EJC meets with CT Attorney General’s office to discuss legal complaint against University
The State will review the questions raised by the complaint, which alleges that the University’s fossil fuel investments violate state law.
Yale Daily News
The Yale Endowment Justice Coalition met with the Connecticut Attorney General’s office on Nov. 21 to discuss the EJC’s legal complaint against the University.
In February, the EJC filed a complaint against Yale for its continued investment in fossil fuels, alleging that these investments violate state law. The complaint, which has over 1,200 co-signatories, hinges on a provision of a 2009 Connecticut state law called the Uniform Prudent Management of Institutional Funds Act, which requires tax-exempt nonprofit entities, including universities, to invest with charitable interests in mind.
At the meeting, participants discussed the arguments brought forth in the complaint. According to an EJC press release, the conversation centered on the financial prudence of fossil fuel investments, the climate implications of the UPMIFA and the lack of transparency in the University’s decision-making processes. The complaint signatories also suggested legal pathways for enforcing the UPMIFA.

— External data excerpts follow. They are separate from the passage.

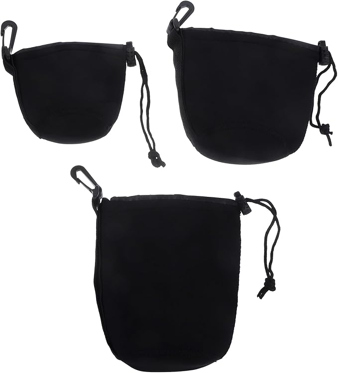 Homoyoyo カメラポーチ ソフトクッション レンズバッグ 巾着 デジタルカメラケース ミニ 小型 レンズポーチ パッド入り マルチ レンズ収納 旅行 レンズプロテクター 3個セット ブラック
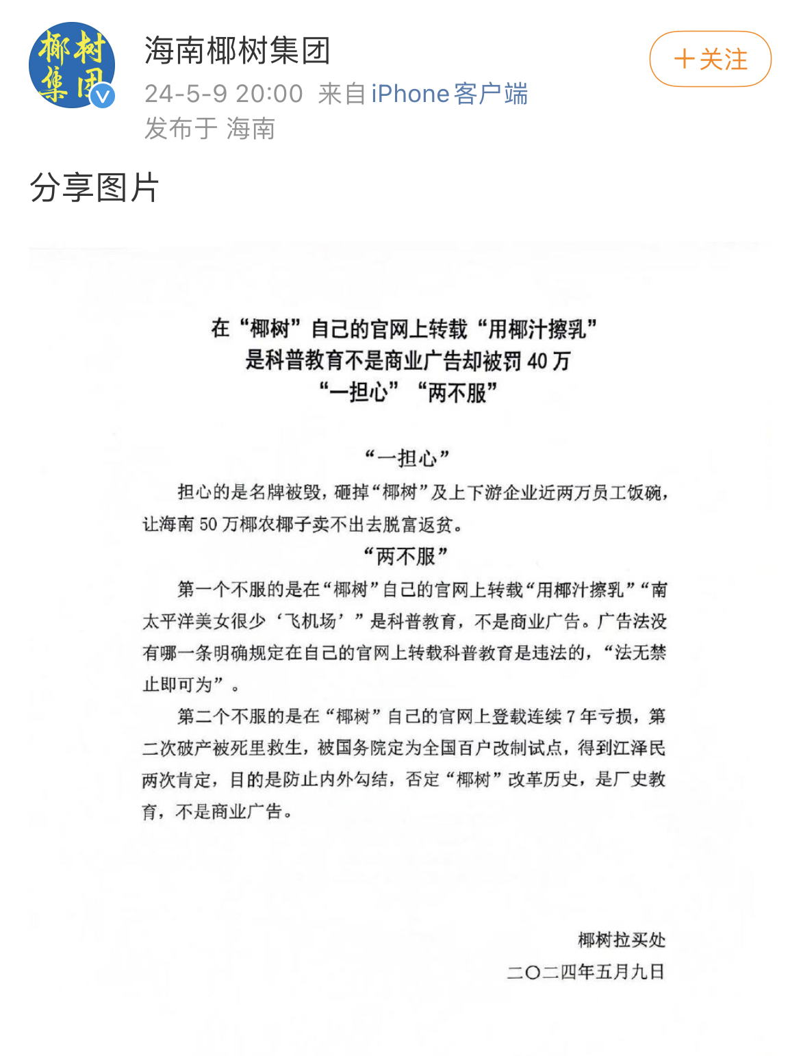 5月9日晚8点,海南椰树集团在其官方微博和网站分别发布声明,针对其近期因广告含有妨碍社会公共秩序和违背社会良好风尚的内容和情形,被海口市市场监督管理局龙华分局罚款40万元的事件,表示了“担心”和“不服”。
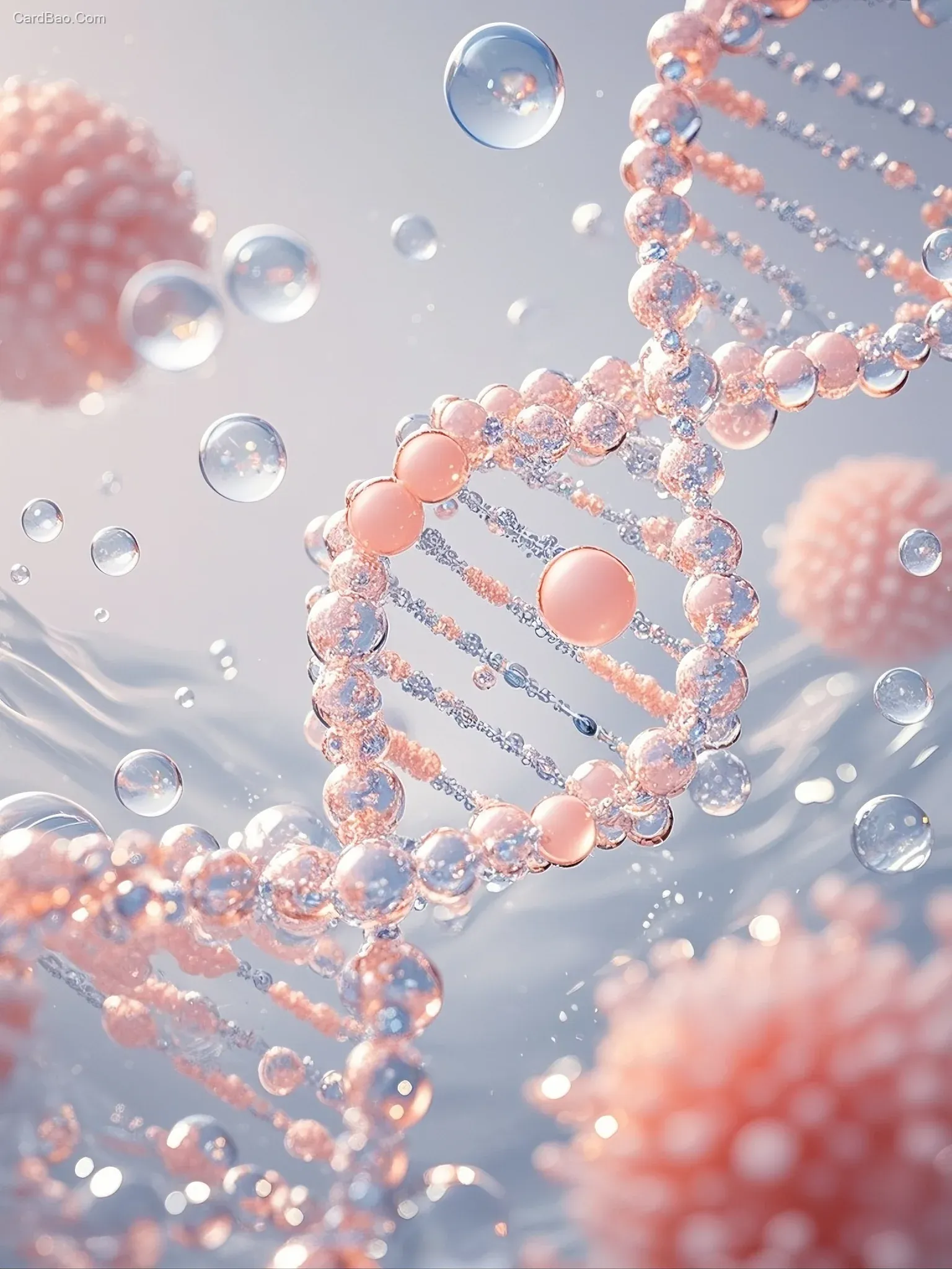 清澈的粉白色背景,漂浮着水珠、气泡和液体波浪,形成DNA链的形状,多个分子,有细胞和基因悬浮在空中。整个场景充满了柔和的色调、光线反射效果,具有极简主义风格、高清摄影、3D渲染、高分辨率、高细节和深度感。oc渲染

“This meeting provoked a startling feeling of uneasiness within me,” EJC organizer and meeting attendee Garrett Frye-Mason ’23 told the News. “It forced me to articulate in front of a legal entity that I struggle to understand what it means for me to graduate from an institution that touts a grand mission and justifies its non-profit status all the while existing within a system and legacy of staggering wealth hoarding, unethical investments, and austerity. What does it mean for me to attend what is functionally a hedge fund with a university attached?”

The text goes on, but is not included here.